With continued research and refinement, we believe that transformer-based models can achieve even better results. The rapid advancement of transformer techniques has already introduced many simple yet powerful improvements, opening promising directions for future exploration in 3D reconstruction and beyond. For instance, distillation techniques between convolutional and transformer-based models [22] and methods for training under data-scarce conditions [23] could further enhance model performance and robustness.
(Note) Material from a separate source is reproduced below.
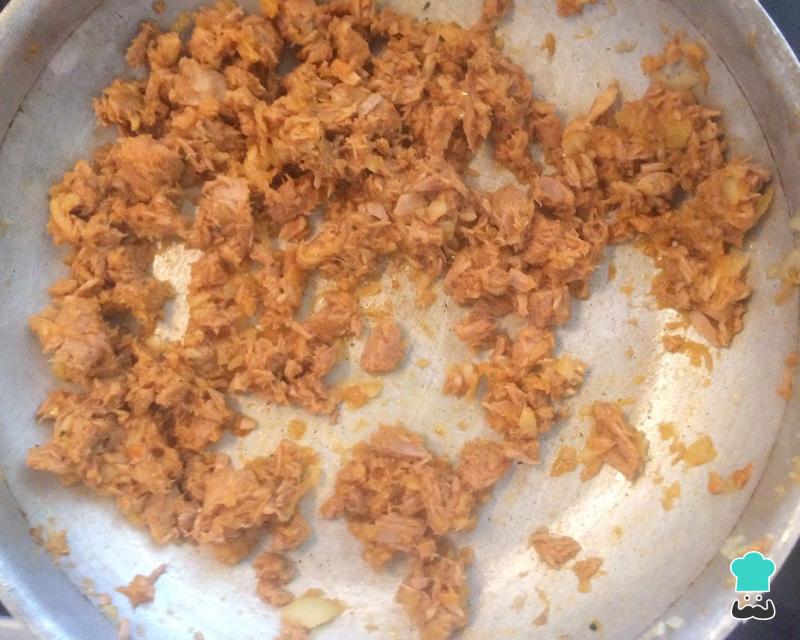 Continue preparando esta receita de macarrão com atum em lata: coloque o atum, o alho, a cebola, um pouco de azeite e molho de tomate a gosto em uma frigideira e deixe apurar. Depois junte a cebolinha e a salsinha, para conferir mais sabor, misture e desligue o fogo.

The parameter efficiency and superior quality results compared to CNN models demonstrated by applying the existing CCT architecture to our 3D reconstruction task suggest potential applications in specialized imaging systems, such as single-pixel imaging methods where parameter efficiency and quality is crucial [24, 25]. Furthermore, the compact nature of the CCT architecture makes it particularly suitable for deployment in real-world computer vision systems, including quality inspection applications [26], agricultural monitoring and weed detection [27], structural defect assessment [28], mobile robotics navigation [29], and real-time object detection on resource-constrained devices [30]. These applications would benefit from the parameter efficiency, which correlates with reduced computational requirements, while maintaining the high reconstruction quality that our adapted transformer-based approach demonstrates.

Acknowledgements

The research was carried out within the state assignment theme FSSS-2023-0006.